__Activity__:
Could you write out every record below exactly, leaving the pictures out?

The data: Begin

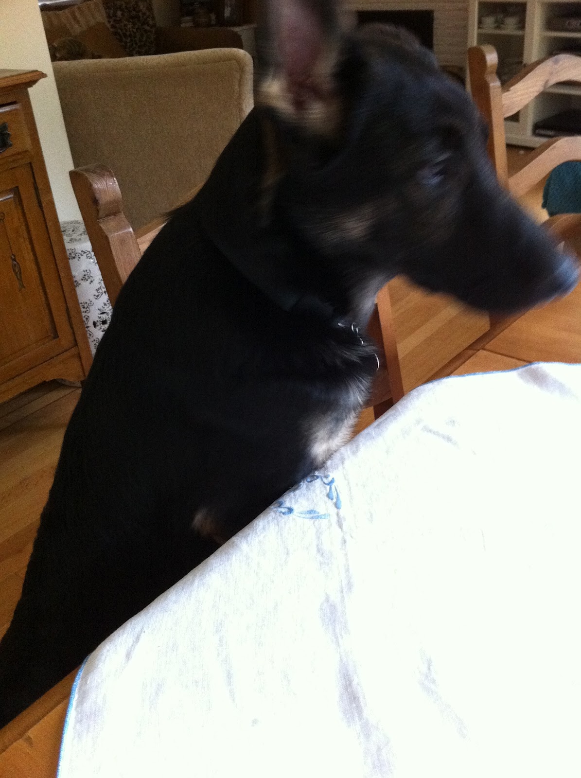 As I turned to get a tea cup in the kitchen, my 5-month old puppy, Axel, went on a chair and ATE A COOKIE!!! That had NEVER happened BEFORE!!!
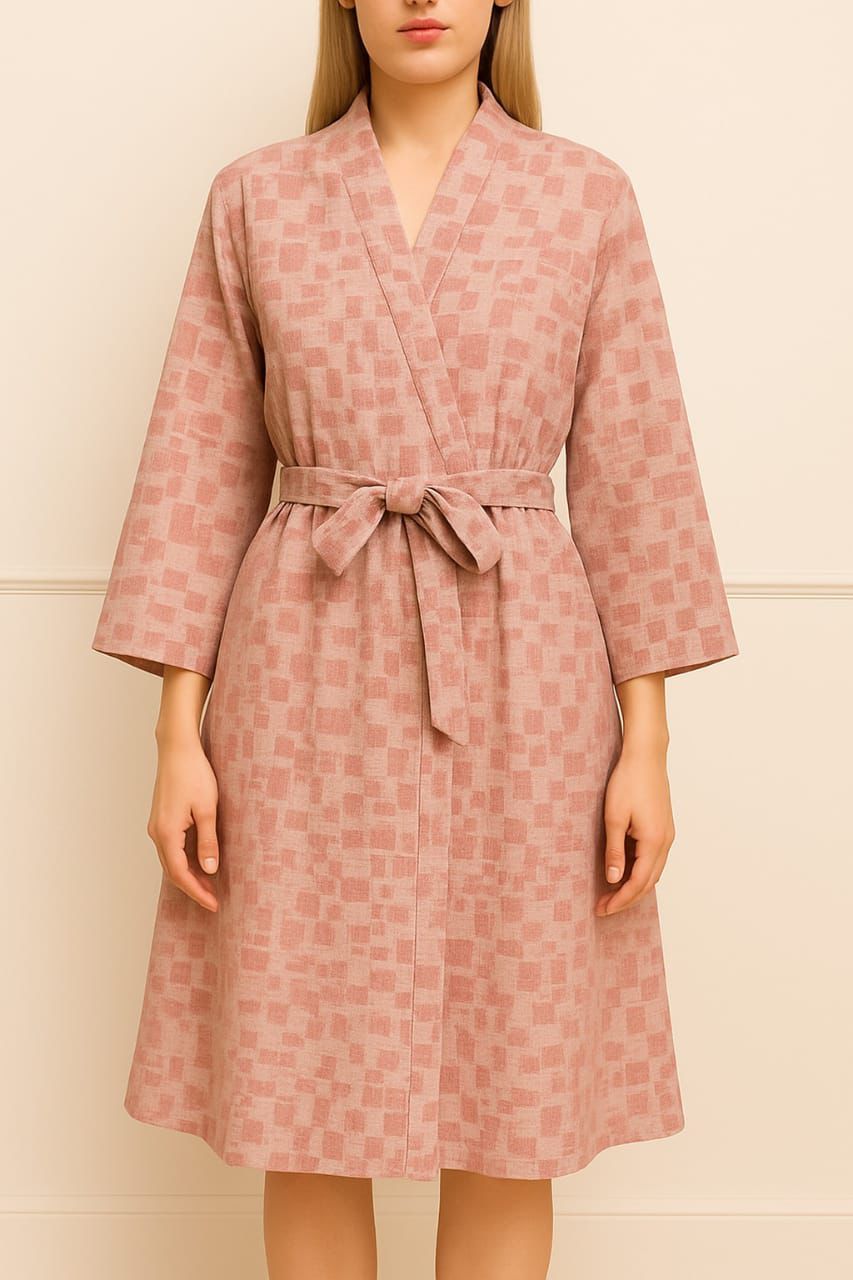 Embrace cozy elegance with this beautifully textured rose bathrobe. Featuring a subtle geometric pattern and a flattering belted waist, it’s crafted for comfort without compromising style. Perfect for your morning routine or unwinding after a long day, this lightweight robe brings a chic touch to your loungewear collection.
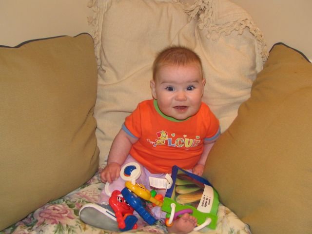 Look at the fort that Mommy made me so I can sit up like a big girl.
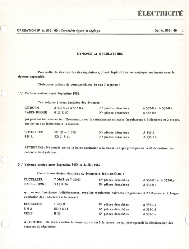 Tu as les valeurs de réglage dans T1-Opération A 535-0 pour les régulateurs Ducellier et Paris-Rhône, mais sans le banc, quasi impossible à faire.
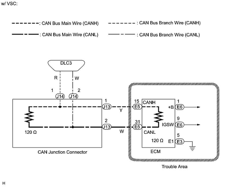 1. CHECK FOR OPEN IN CAN BUS WIRE (ECU MAIN BUS WIRE)
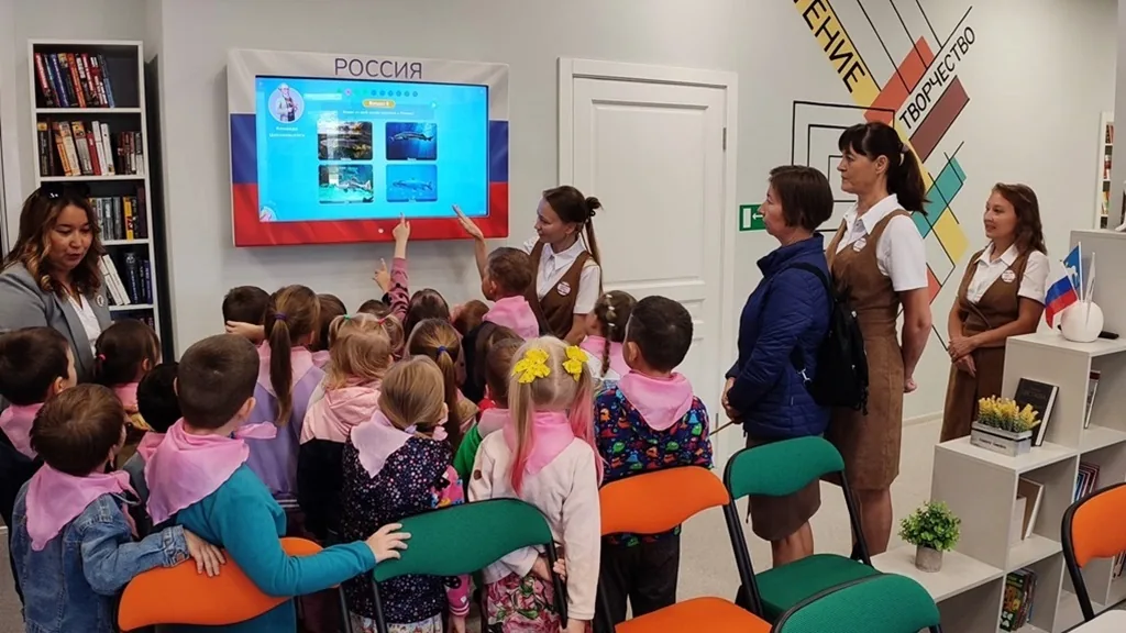 Для ребят группы «Вишенка» была проведена экскурсия «Добро пожаловать в библиотеку». Дети ознакомились с залом актуального библиотечного обслуживания. Библиотекарь рассказала о новинках детской литературы, энциклопедиях, журналах. Далее библиотекарь рассказала ребятам о возможностях интерактивной панели «Подсолнух», в зале творческого развития дети ознакомились с выставками: «Добрых рук мастерство», «Йошкар-Ола – 440», также с интерактивной панелью «Цвета России», с большим удовольствием поучаствовали в познавательных викторинах. В конце экскурсии дети посетили компьютерный класс.

The data: End

__Result for this task__:
 As I turned to get a tea cup in the kitchen, my 5-month old puppy, Axel, went on a chair and ATE A COOKIE!!! That had NEVER happened BEFORE!!!
 Embrace cozy elegance with this beautifully textured rose bathrobe. Featuring a subtle geometric pattern and a flattering belted waist, it’s crafted for comfort without compromising style. Perfect for your morning routine or unwinding after a long day, this lightweight robe brings a chic touch to your loungewear collection.
 Look at the fort that Mommy made me so I can sit up like a big girl.
 Tu as les valeurs de réglage dans T1-Opération A 535-0 pour les régulateurs Ducellier et Paris-Rhône, mais sans le banc, quasi impossible à faire.
 1. CHECK FOR OPEN IN CAN BUS WIRE (ECU MAIN BUS WIRE)
 Для ребят группы «Вишенка» была проведена экскурсия «Добро пожаловать в библиотеку». Дети ознакомились с залом актуального библиотечного обслуживания. Библиотекарь рассказала о новинках детской литературы, энциклопедиях, журналах. Далее библиотекарь рассказала ребятам о возможностях интерактивной панели «Подсолнух», в зале творческого развития дети ознакомились с выставками: «Добрых рук мастерство», «Йошкар-Ола – 440», также с интерактивной панелью «Цвета России», с большим удовольствием поучаствовали в познавательных викторинах. В конце экскурсии дети посетили компьютерный класс.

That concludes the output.